◆ Task requirements: Write out the entries below exactly, but only from the line containing "Por outro lado, #IzzoToqueEmCasa" through the line containing "Si inaugura sabato", and without the pictures.

◆ Data provided:
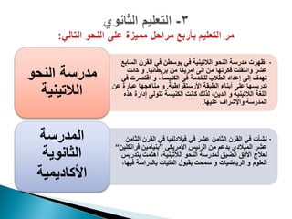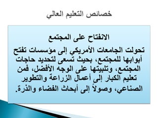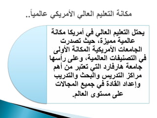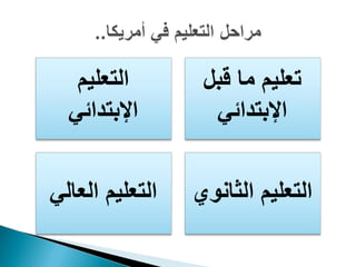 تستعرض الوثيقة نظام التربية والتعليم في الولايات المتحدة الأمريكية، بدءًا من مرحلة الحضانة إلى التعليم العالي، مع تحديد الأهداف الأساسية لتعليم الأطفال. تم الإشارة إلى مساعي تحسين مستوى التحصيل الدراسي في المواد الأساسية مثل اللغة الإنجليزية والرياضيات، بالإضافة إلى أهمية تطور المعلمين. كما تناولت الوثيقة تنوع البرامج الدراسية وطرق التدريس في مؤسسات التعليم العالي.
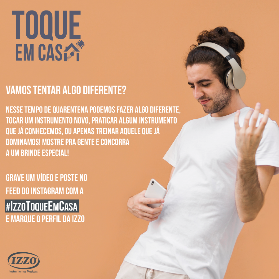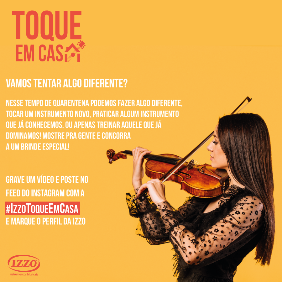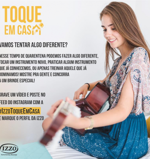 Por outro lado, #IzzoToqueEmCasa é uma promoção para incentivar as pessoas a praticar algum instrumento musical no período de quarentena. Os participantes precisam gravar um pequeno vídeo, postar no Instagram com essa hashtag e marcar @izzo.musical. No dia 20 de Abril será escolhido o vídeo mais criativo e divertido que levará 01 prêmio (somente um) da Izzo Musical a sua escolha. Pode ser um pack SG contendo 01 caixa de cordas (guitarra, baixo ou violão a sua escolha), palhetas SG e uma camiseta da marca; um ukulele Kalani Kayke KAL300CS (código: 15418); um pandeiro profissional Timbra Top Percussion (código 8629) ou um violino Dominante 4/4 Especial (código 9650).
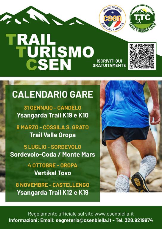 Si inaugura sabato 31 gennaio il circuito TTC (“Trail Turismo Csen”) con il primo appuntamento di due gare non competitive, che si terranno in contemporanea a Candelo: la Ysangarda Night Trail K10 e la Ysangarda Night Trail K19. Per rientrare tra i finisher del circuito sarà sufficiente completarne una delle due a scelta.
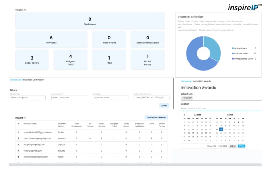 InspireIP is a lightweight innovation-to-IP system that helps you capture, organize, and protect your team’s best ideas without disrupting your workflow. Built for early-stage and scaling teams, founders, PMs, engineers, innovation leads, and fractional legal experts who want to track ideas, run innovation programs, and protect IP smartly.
--
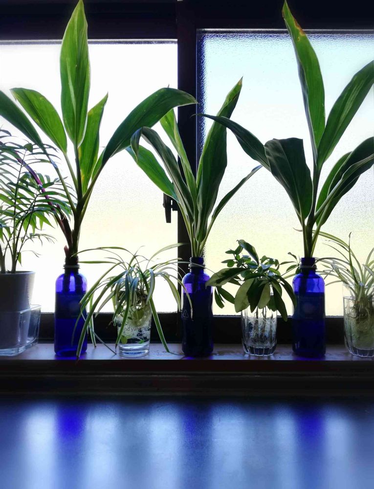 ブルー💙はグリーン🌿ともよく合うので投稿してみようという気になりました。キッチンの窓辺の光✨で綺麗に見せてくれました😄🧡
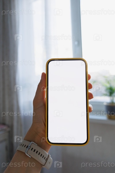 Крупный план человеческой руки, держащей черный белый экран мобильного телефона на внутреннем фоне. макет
==
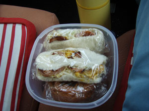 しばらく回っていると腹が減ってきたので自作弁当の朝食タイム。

◆ Task answer:
 Por outro lado, #IzzoToqueEmCasa é uma promoção para incentivar as pessoas a praticar algum instrumento musical no período de quarentena. Os participantes precisam gravar um pequeno vídeo, postar no Instagram com essa hashtag e marcar @izzo.musical. No dia 20 de Abril será escolhido o vídeo mais criativo e divertido que levará 01 prêmio (somente um) da Izzo Musical a sua escolha. Pode ser um pack SG contendo 01 caixa de cordas (guitarra, baixo ou violão a sua escolha), palhetas SG e uma camiseta da marca; um ukulele Kalani Kayke KAL300CS (código: 15418); um pandeiro profissional Timbra Top Percussion (código 8629) ou um violino Dominante 4/4 Especial (código 9650).
 Si inaugura sabato 31 gennaio il circuito TTC (“Trail Turismo Csen”) con il primo appuntamento di due gare non competitive, che si terranno in contemporanea a Candelo: la Ysangarda Night Trail K10 e la Ysangarda Night Trail K19. Per rientrare tra i finisher del circuito sarà sufficiente completarne una delle due a scelta.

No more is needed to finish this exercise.